TASK REQUIREMENTS: Pictures must not appear in the copy. Restate exactly the lines below from the one with "[1-7][Select Virtual Machine" through the one with "Una casa ci", inclusive.

MATERIAL SUPPLIED:

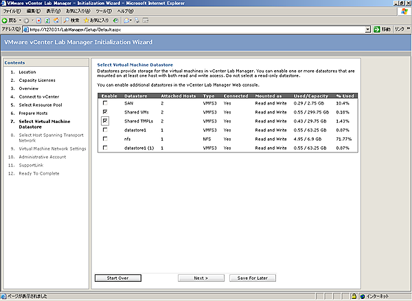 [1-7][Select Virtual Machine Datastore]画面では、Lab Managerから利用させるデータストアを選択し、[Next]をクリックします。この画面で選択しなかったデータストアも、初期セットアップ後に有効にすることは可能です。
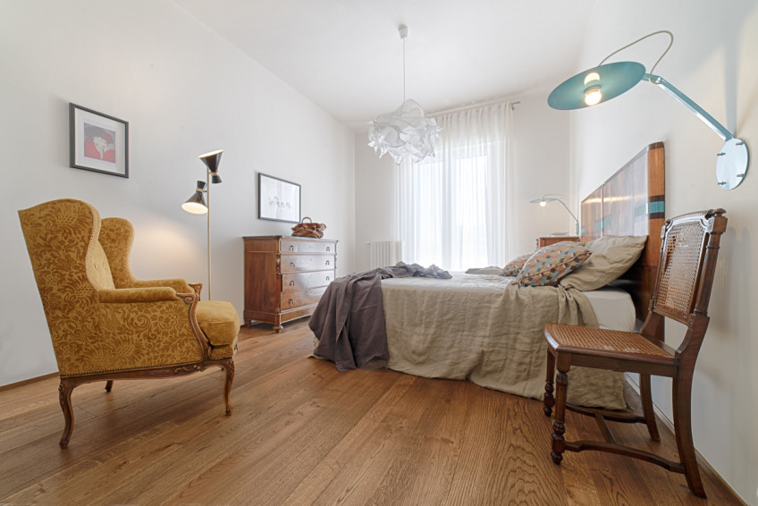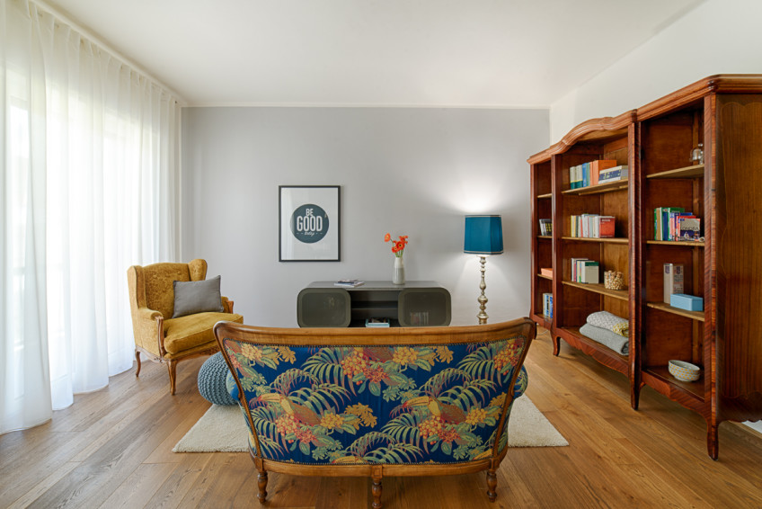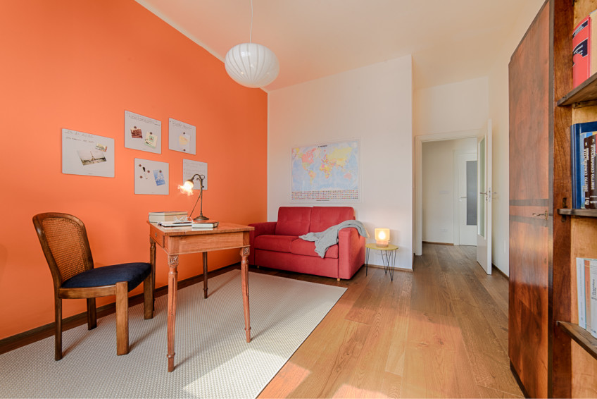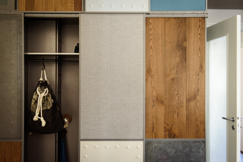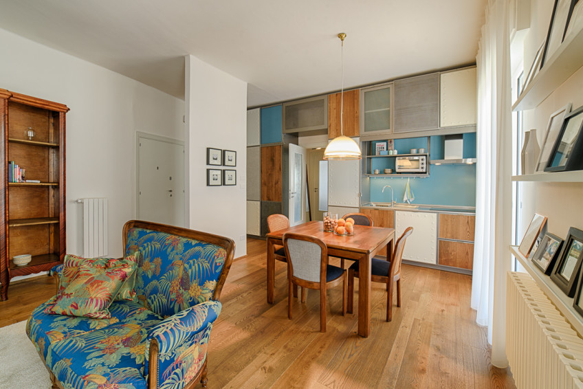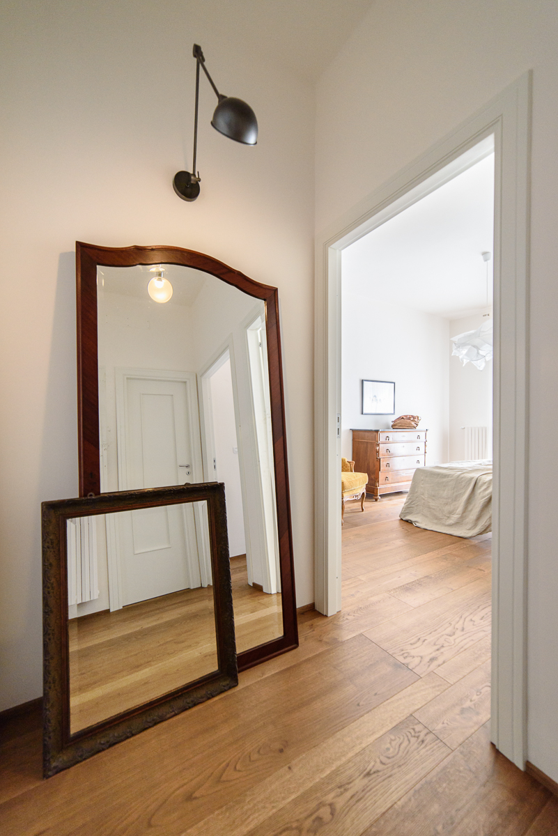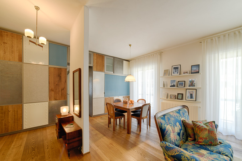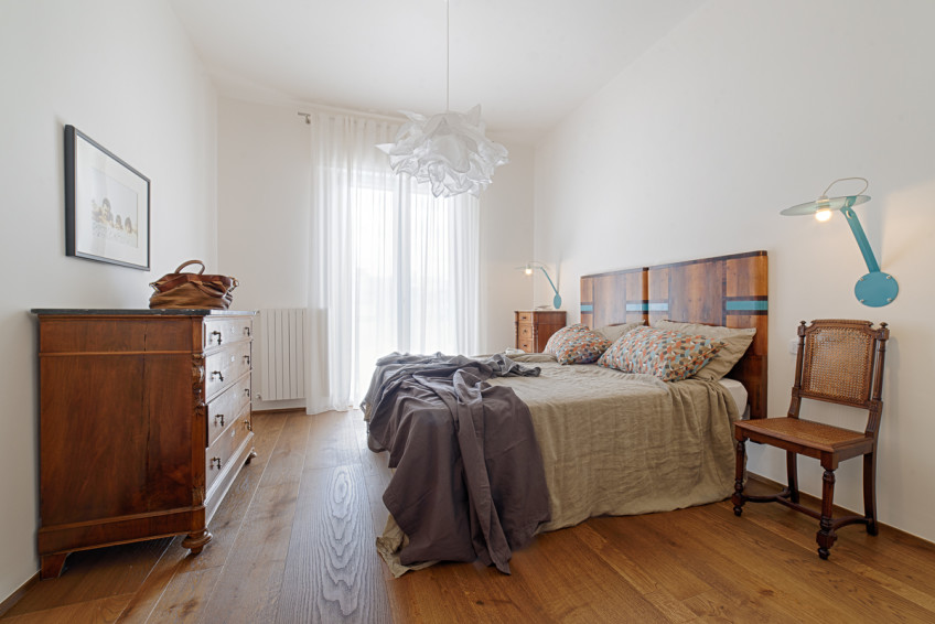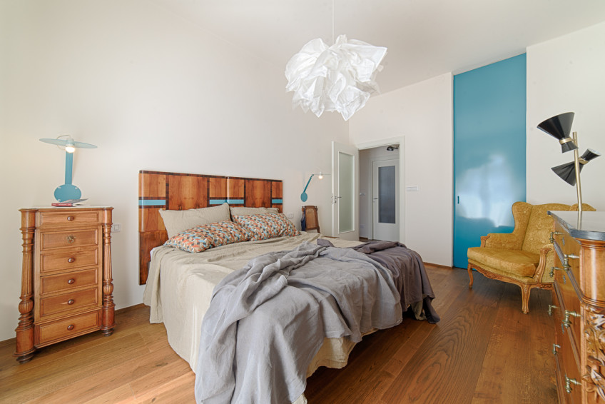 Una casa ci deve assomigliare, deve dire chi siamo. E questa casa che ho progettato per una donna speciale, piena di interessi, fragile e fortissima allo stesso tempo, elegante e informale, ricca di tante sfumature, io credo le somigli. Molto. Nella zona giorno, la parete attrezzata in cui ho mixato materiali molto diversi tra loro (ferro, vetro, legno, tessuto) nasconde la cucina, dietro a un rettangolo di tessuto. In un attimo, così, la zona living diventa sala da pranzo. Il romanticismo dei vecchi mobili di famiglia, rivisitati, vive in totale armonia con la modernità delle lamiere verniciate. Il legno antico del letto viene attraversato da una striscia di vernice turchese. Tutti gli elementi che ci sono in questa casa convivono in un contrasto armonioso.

...

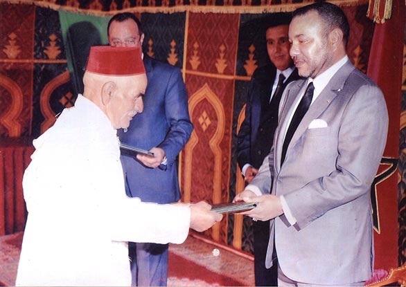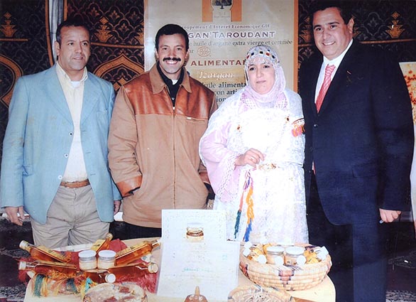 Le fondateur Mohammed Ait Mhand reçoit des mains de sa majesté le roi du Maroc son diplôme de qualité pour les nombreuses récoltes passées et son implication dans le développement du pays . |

SOLUTION TO THIS TASK:
 [1-7][Select Virtual Machine Datastore]画面では、Lab Managerから利用させるデータストアを選択し、[Next]をクリックします。この画面で選択しなかったデータストアも、初期セットアップ後に有効にすることは可能です。
 Una casa ci deve assomigliare, deve dire chi siamo. E questa casa che ho progettato per una donna speciale, piena di interessi, fragile e fortissima allo stesso tempo, elegante e informale, ricca di tante sfumature, io credo le somigli. Molto. Nella zona giorno, la parete attrezzata in cui ho mixato materiali molto diversi tra loro (ferro, vetro, legno, tessuto) nasconde la cucina, dietro a un rettangolo di tessuto. In un attimo, così, la zona living diventa sala da pranzo. Il romanticismo dei vecchi mobili di famiglia, rivisitati, vive in totale armonia con la modernità delle lamiere verniciate. Il legno antico del letto viene attraversato da una striscia di vernice turchese. Tutti gli elementi che ci sono in questa casa convivono in un contrasto armonioso.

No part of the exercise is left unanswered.